▶ _Your objective_:
Write out the lines of the material below exactly, beginning at the line with "1)張拉式膜結構。這也是現在" and stopping after the line with "Varování před přenosem", and leave out the pictures.

____

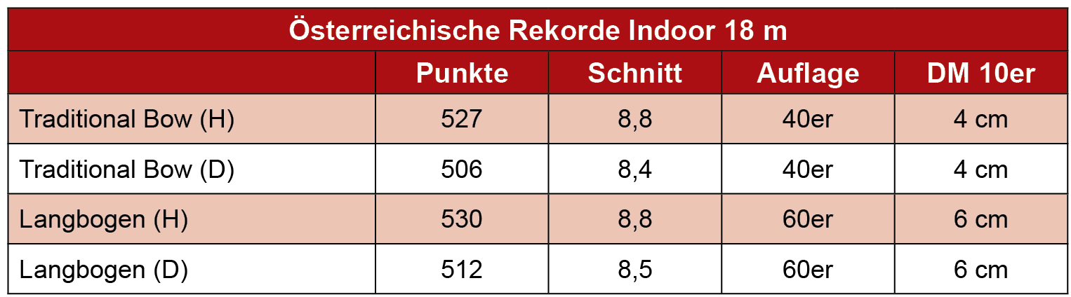 In Österreich werden Indoor-Meisterschaften nach World Archery geschossen. Dabei sind die Klassen Compound, Olympic Recurve, Barbow, Instinctive Bow (entspricht in etwa dem Traditional Recurve der IFAA) und Langbogen startberechtigt. Hier kann man dann sein eigenes Niveau an den Besten messen. Die untenstehende Tabelle zeigt die Rekorde in den traditionellen Klassen. Um mit dem Instinctive Bow beispielsweise auf diesem Level zu sein, hat man einen Streukreis von 102 Millimeter bei den Herren, bzw. 136 bei den Damen.
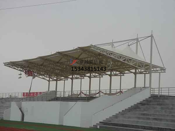 1)張拉式膜結構。這也是現在比較常見的一種,主要以膜材、鋼索及支柱構成,是更能夠展現出膜結構創新美觀造型的形式。
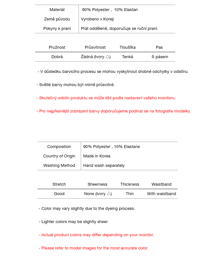 Varování před přenosem barev a pokyny k praní
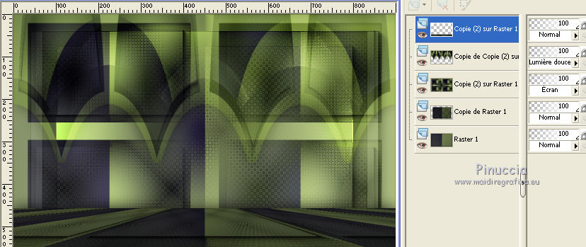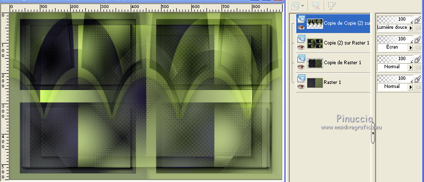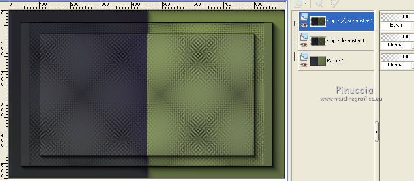 Ce tutoriel a été créé avec CorelX17, mais il peut également être exécuté avec les autres versions. Pour traduire le tutoriel j'ai utilisé CorelX17 pour l'italien et CorelX2 pour le français. Suivant la version utilisée, vous pouvez obtenir des résultats différents. Depuis la version X4, la fonction Image>Miroir a été remplacée par Image>Renverser horizontalement, et Image>Renverser avec Image>Renverser verticalement. Dans les versions X5 et X6, les fonctions ont été améliorées par la mise à disposition du menu Objets. Dans la nouvelle version X7, nous avons à nouveau Miroir/Renverser, mais avec autres différences. Voir plus les détails à ce sujet ici Certaines dénominations ont changées entre les versions de PSP. Les plus frequentes dénominations utilisées: ![]() Traduction en italien ici Vos versions ici Nécessaire pour réaliser ce tutoriel: Matériel qui Modules Externes consulter, si nécessaire, ma section de filtre ici Filters Unlimited 2.0 ici &<Bkg Kaleidoscope> - Cake mix (à importer dans Unlimited ici L&K's - L& K Palmyre ici Mura's Meister - Perspective Tiling ici AAA Frames - Foto Frame ici ![]() Si vous voulez utiliser vos propres couleurs, n'hésitez pas à changer le mode et l'opacité des calques Dans les plus récentes versions de PSP, vous ne trouvez pas le dégradé d'avant plan/arrière plan ou Corel_06_029. Vous pouvez utiliser le dégradé des versions antérieures. Ici le dossier Dégradés de CorelX. 1. Placer en avant plan la couleur #272435, et en arrière plan la couleur #72814d. ![]() Préparer en avant plan un dégradé de premier plan/arrière plan, style Radial. ![]() 2. Ouvrir une nouvelle image transparente 900 x 550 pixels. ![]() Remplir l'image transparente du dégradé.3. Effets>Modules Externes>AAA Frames - Foto Frame. ![]() 4. Calques>Dupliquer. Image>Redimensionner, à 85%, redimensionner tous les calques décoché. ![]() 5. Effets>Modules Externes>L&K's - L& K Palmyre. ![]() 6. Calques>Dupliquer. Placer le calque en mode Écran. ![]() 7. Effets>Modules Externes>Filters Unlimited 2.0 - &<Bkg Kaleidoscope> - Cake Mix. ![]() attention, si vous utilisez la version software de Unlimited à installer, ce filtre prendre la nuance de votre couleur d'arrière plan (en ce cas #72814d) Toutefois, si vous utilisez la version de Unlimited composée de files 8bf, vous aurez ce résultat, quelle que soit la couleur d'arrière plan ![]() Pour avoir le bon résultat, vous devriez remplacer dans les Emplacements des fichiers la version en 8bf avec la version software de Unlimited 8. Calques>Dupliquer. Image>Redimensionner, à 75%, redimensionner tous les calques décoché. ![]() 9. Effets>Effets de distorsion>Coordonnées polaires. ![]() 10. Effets>Effets d'image>Décalage. ![]() 11. Effets>Effets 3D>Ombre portée, couleur noire. ![]() 12. Placer le calque en mode Lumière douce. ![]() 13. Vous positionner sur le calque Copie de Raster 1. Calques>Dupliquer. Effets>Modules Externes>Mura's Meister - Perspective Tiling. ![]() 14. Calques>Agencer>Placer en haut de la pile. 15. Effets>Effets 3D>Ombre portée, couleur noire. ![]() Vous devriez avoir ce-ci ![]() 16. Calques>Fusionner>Calques visibles. 17. Image>Rotation à droite. si vous utilisez PSP 9: Image>Rotation>Rotation de 90 degrés dans le sens horaire. Édition>Copier. Image>Rotation à gauche. si vous utilisez PSP 9: Image>Rotation>Rotation de 90 degrés dans le sens anti-horaire. 18. Activer l'outil Sélection ![]() (peu importe le type de sélection, parce que avec la sélection personnalisée vous obtenez toujours un rectangle), cliquer sur Sélection personnalisée ![]() et setter ces paramètres. ![]() 19. Calques>Nouveau calque raster. Édition>Coller dans la sélection. 20. Calques>Nouveau calque raster. Placer en avant plan la couleur blanche. Remplir le calque avec la couleur blanche,Correspondance de l'outil Pot de peinture sur Aucun ![]() 21. Sélections>Modifier>Contracter - 1 pixel. Presser CANC sur le clavier ![]() 22. Sélections>Modifier>Contracter - 10 pixels. Remplir la sélection avec la couleur blanche #ffffff.23. Sélections>Modifier>Contracter - 1 pixel. Presser CANC sur le clavier. 24. Effets>Effets 3D>Ombre portée, couleur noire. ![]() Sélections>Désélectionner tout. 25. Calques>Fusionner>Fusionner le calque de dessous. 26. Calques>Dupliquer. Image>Redimensionner, à 85%, redimensionner tous les calques décoché. 27. Effets>Effets d'image>Décalage. ![]() 28. Calques>Fusionner>Fusionner le calque de dessous. 29. Ouvrir le tube deco-bloemen-1 - Édition>Copier. Revenir sur votre travail et Édition>Coller comme nouveau calque. Positionner les fleurs sur les "vases".![]() 30. Ouvrir le tube 0_e1724_5ecabc12_L.png - Édition>Copier. Revenir sur votre travail et Édition>Coller comme nouveau calque. Déplacer ce tube à gauche.31. Effets>Effets 3D>Ombre portée, couleur noire. ![]() 32. Image>Ajouter des bordures, 1 pixel, symétrique, #272435. Image>Ajouter des bordures, 3 pixels, symétrique, #7281d4. Image>Ajouter des bordures, 1 pixel, symétrique, #272435. 33. Sélections>Sélectionner tout. Image>Ajouter des bordures, 50 pixels, symétrique, #7281d4. Sélections>Inverser. 34. Effets>Modules Externes>L&K's - L& K Palmyre. ![]() 35. Sélections>Inverser. Effets>Effets 3D>Ombre portée, couleur noire. ![]() Sélections>Désélectionner tout. 36. Effets>Modules Externes>AAA Frames - Foto Frame. ![]() 37. Signer votre travail sur un nouveau calque. Calques>Fusionner>Tous et enregistrer en jpg. Les tubes de cette version sont de Cal e Maryse (élaboration) ![]() ![]() Si vous avez des problèmes, ou des doutes, ou vous trouvez un link modifié, ou seulement pour me dire que ce tutoriel vous a plu, vous pouvez m'écrire. 7 Octobre 2017 |
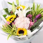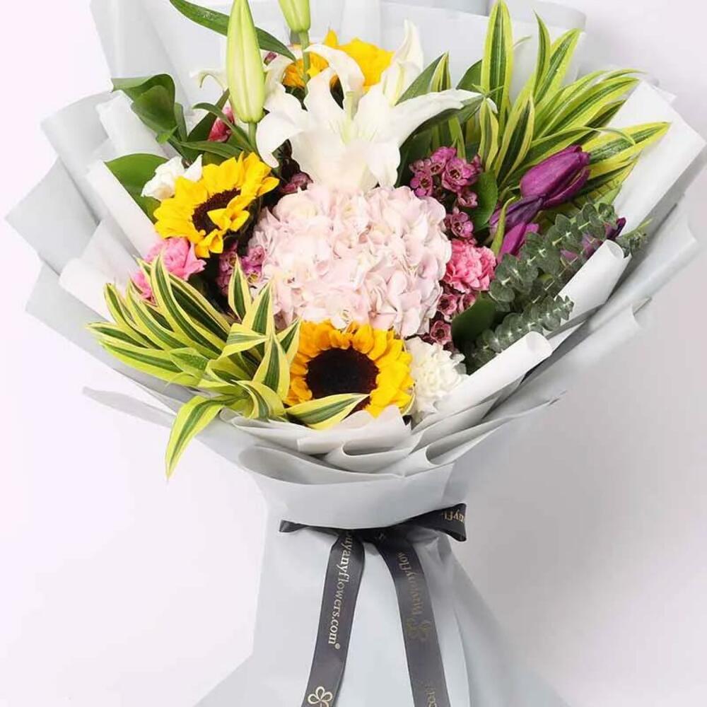 3 Sunflowers 1 Stem White Oriental Lily 1 Pink Hydrangea 4 Purple Tulips 3 Pink and 3 White Carnations 1 Stem Purple Wax Flowers Leaves - 1 Eucalyptus, 2 Song of India and 3 Single Ruscus Grey and White Wrapping and a Ribbon Bow

____

▶ _Solution to this problem_:
 1)張拉式膜結構。這也是現在比較常見的一種,主要以膜材、鋼索及支柱構成,是更能夠展現出膜結構創新美觀造型的形式。
 Varování před přenosem barev a pokyny k praní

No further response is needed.